Data excerpt:
◇ ◇ ◇ ◇ ◇

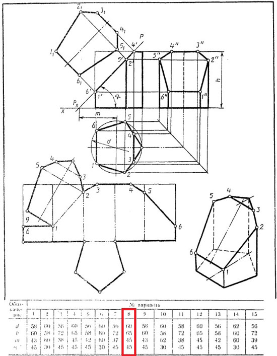 | Вариант 8 Усеченная призма ЧЕРТЕЖ
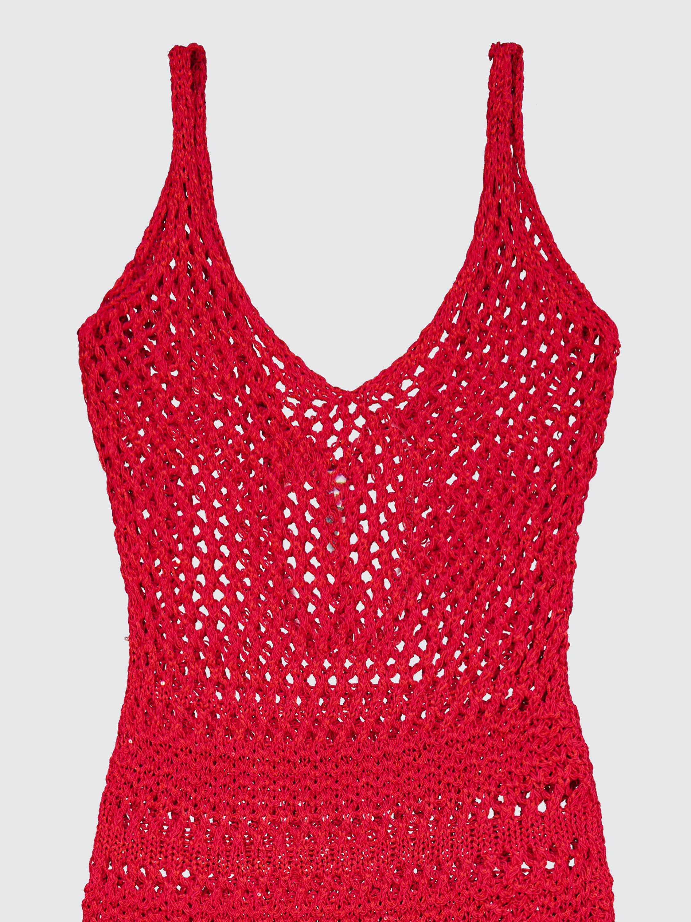Ampliate la vostra collezione con questo sofisticato abito canotta di Laneus. Il modello realizzato in filato di cotone traforato presenta uno scollo a V e una silhouette dritta con frange che profilano il fondo. La modella in foto è alta 180 cm ed indossa una 40/S.
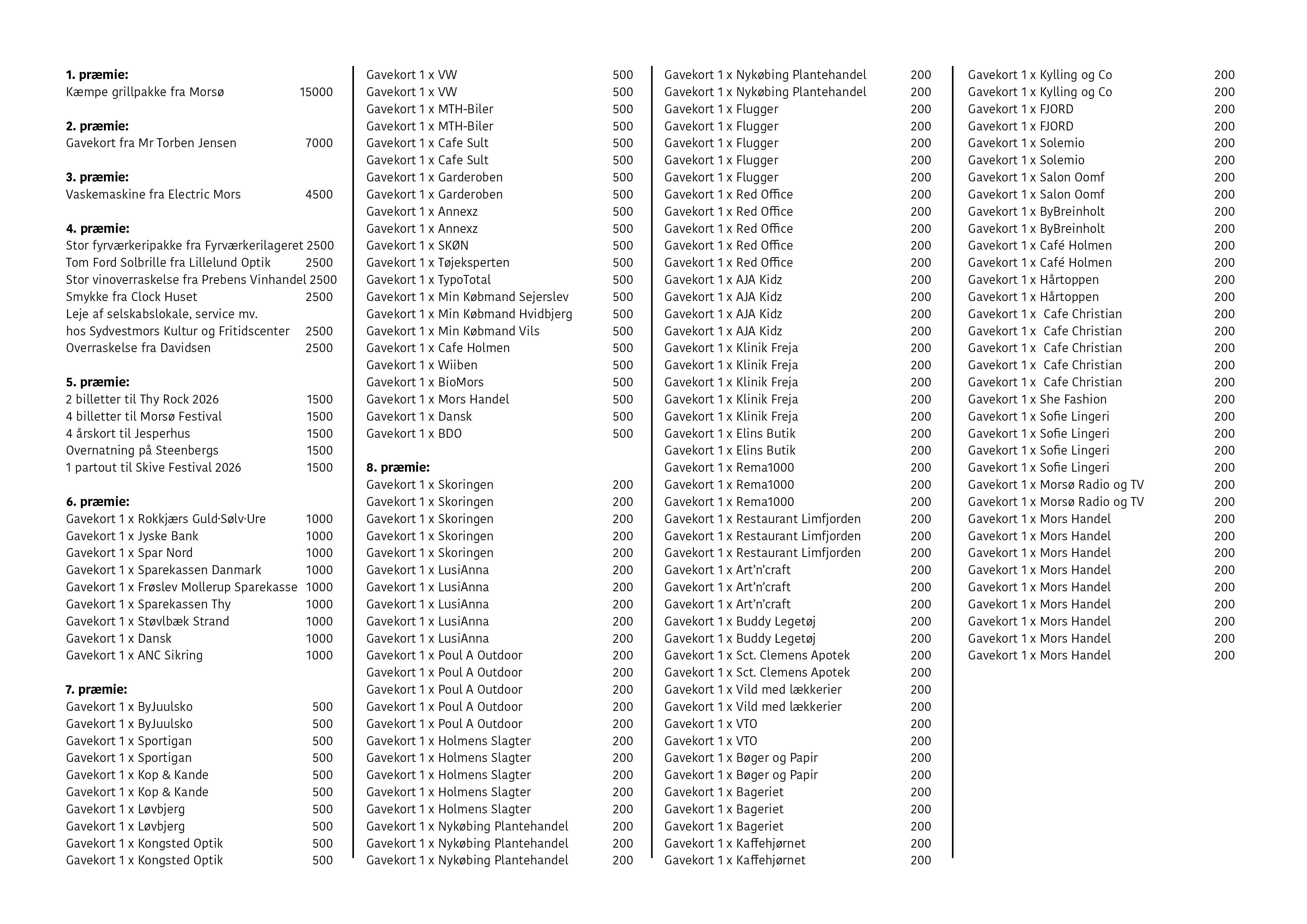 Samlet oversigt over præmierne:
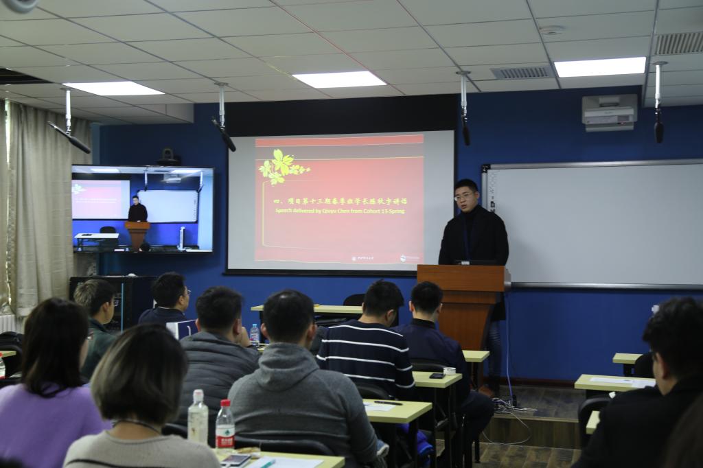 十三期秋季班新生代表栾贺表示,作为一名已经工作多年的员工,会珍惜这次的学习机会,一方面提升个人学历水平,另一方面也努力提升个人的相关能力,并表达了对未来两年习生活的期待。

◇ ◇ ◇ ◇ ◇

Exercise aim: Could you reproduce the listing above word for word while leaving out its pictures?

Solved problem:
 | Вариант 8 Усеченная призма ЧЕРТЕЖ
Ampliate la vostra collezione con questo sofisticato abito canotta di Laneus. Il modello realizzato in filato di cotone traforato presenta uno scollo a V e una silhouette dritta con frange che profilano il fondo. La modella in foto è alta 180 cm ed indossa una 40/S.
 Samlet oversigt over præmierne:
 十三期秋季班新生代表栾贺表示,作为一名已经工作多年的员工,会珍惜这次的学习机会,一方面提升个人学历水平,另一方面也努力提升个人的相关能力,并表达了对未来两年习生活的期待。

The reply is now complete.